Algae exhibit 2 different basic kinds of cell structure; therefore they can be separated into 2 groups - prokaryotes. Prokaryotes contain so called blue-green algae classed as Cyamophyceae or Myxophyceae, but now termed as Cyanobacteria due to their cells are prokaryote type. Eukaryotic algae fairly varied in cell structure and morphology that is taken in account for categorization. In recent years, utilization of electron microscopy has brought much novel information regarding ultra structure of cellular components of algae. Chemical composition and functions are found by breaking and isolating each of its organelles separately. This study discloses that eukaryotic algae illustrate several features which resemble higher plant groups.

Prokaryotic Algal Cell:

Cyanobacteria closely look like bacteria in their ultrastructure. Though, cyanobacteria are not flagellated. Specific features of the cellular component are given below:

1) Cell Wall and Cell Sheath:

Cell of cyanobacteria are enveloped by the gelatinous heath and also have separate cell wall outside plasma membrane. This can be eliminated by digesting it with enzyme-lysozyme. It chemical examination illustrates that it is composed of mucopolysaccharide (peptidoglycan) like that of bacterial cell wall. It has complex structure, composed of polymer of N-aceylmuramic acid and Nacetylglucosamine which are cross linked by peptides and other compounds. Wall in fact, illustrate at least 4 layers and outermost may include lipo-polysaccharides and proteins. In several cyanobacteria cell wall is enveloped by gelatinous mucilage. It may be thin and colorless as in planktonic forms. In subaerial forms sheath is thick, firm and colored yellow or orange brown and multilayered. Few aquatic forms like scytonema Petalonema possibly have multilayered and colored sheath.

2) Photosynthetic Lamellae:

Cyanobacteria contain no chloroplasts but only pigmented membranes that inhabit peripheral region of cells known as chromatoplasm. In this area photosynthetic lamellae or thylakoids are present. Lamellae are folded double membranes in which photosynthetic pigments-chlorophyll a, and many kinds of carotenoid are embedded. On surface of thylakoids are found rows of granules known as phycobilisomes which have phycocymanin, allophycocyanin and at times also phycoerything, features of cyanobacteria. It has been discovered that theylakoids also have enzymes needed for respiration.

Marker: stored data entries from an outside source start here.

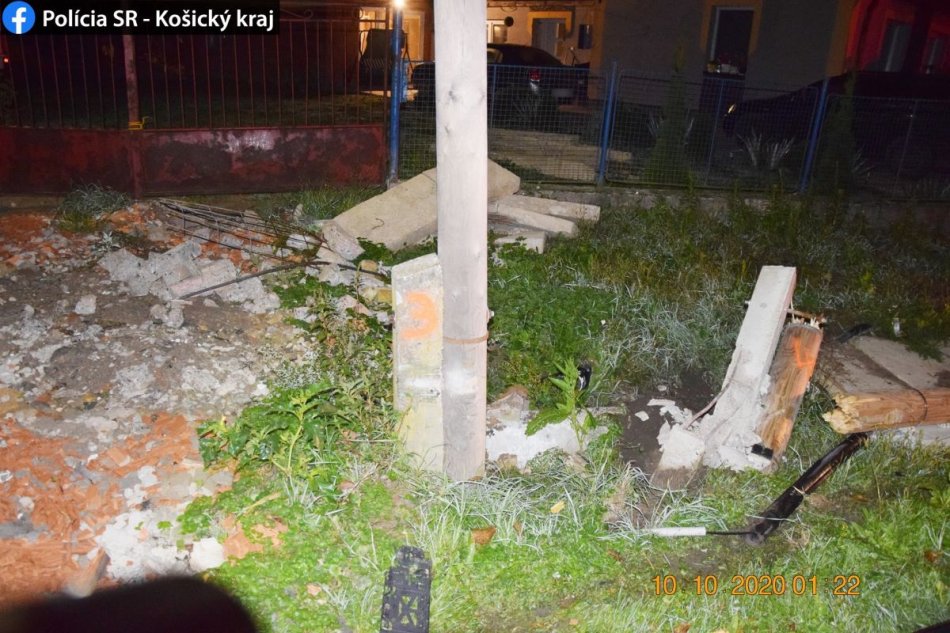Galéria k článku Michalovčan narazil do stĺpa a skončil s autom na streche, FOTO
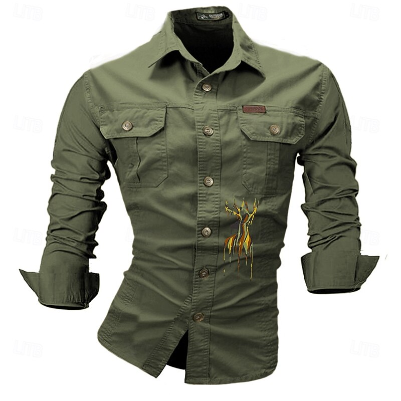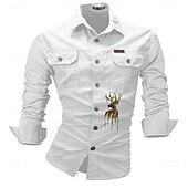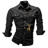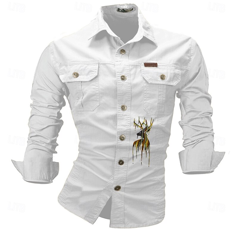 More information about Men's Deer Work Shirt Western Shirt Cargo Shirt Long Sleeve Casual Sports & Outdoor Going out Winter Spring & Fall Turndown Print Black White Army Green Red Blue
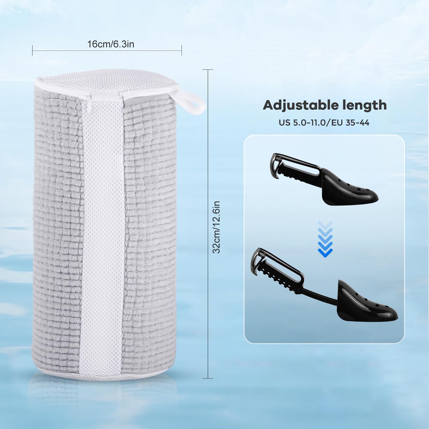 • 【1 Paare verstellbarer Schuhspanner】Diese Schuhspanner sind fachmännisch entworfen, um die Form Ihrer Schuhe zu erhalten und den Kontakt zwischen der Schuhoberfläche, Wasser, Reinigungsmittel und internen Fasern zu verbessern. Verstellbare Schuhspanner passen sowohl für Männer- als auch für Frauenschuhgrössen, passend für verschiedene Arten von Schuhen. Bei Verwendung mit unserem Schuhwaschbeutel reinigen die Reinigungsfasern im Inneren die Oberfläche der Schuhe effektiv.
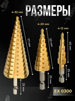 Сверло ступенчатое по металлу 4-32 мм, набор сверл

3) Granular Inclusions of Cytoplasm:

Ultrastructure of cyanobacteria sytoplasm illustrates many kinds of gramules. Between thylakoids glycogen is discovered in form of granules of various sizes. Protein granules known as cyanophycin granules composed of polymer of 2 aminoacids aspartic acid and arginine are for storage of nitrogen. Another kind of granule common in algae developing in waters rich in phosphate, is polyphosphate, storage form of phosphate. Few algae also have granules of polybatalydroxrate as big crystals. Another exclusive granule discovered in cyanobacteria are polyhedra crystalline bodies called as carboxysomes. They are composed of ribulose-biphosphate carcoxylase (Rubisco) enzyme is needed in photosynthetic fixation are of 70s kind unlike 80s type found in eukaryotes.

4) Gas Vesicles:

Several planktonic cyanobacteria such as Microvysis have in their cell lengthened, cylindrical vesicle individually or in bundles called as gas vesicles. They make cells float on surface of water. When, gas escapes they collapse turn out to be flat and cells sink to bottom. Wall of vesicle is composed of single layer of protein molecules and permeable to gases but not to water.

5) Nucleoplasm:

Central portion of cell generally referred as nucleoplasm has genetic material DNA, corresponding to nucleus of eukaryotes. It seems as the net work of fibrils, and like that of bacteria it is long thread in shape of ring, usually referred to as circular chromosome. There may be numerous copies of it in cell. Histone proteins discovered in eukaryotic cells are not related with DNA of cyanobacteria.

6) Plasmids:

Similar in bacteria, DNA is also discovered in cells of cyanobacteria as small covalently related circular molecule called as plasmid that has genes which make organism resistant to antibiotics. Plasmids are not permanent characteristic of cells, they may be lost and regained further and they can also grow inside host cells.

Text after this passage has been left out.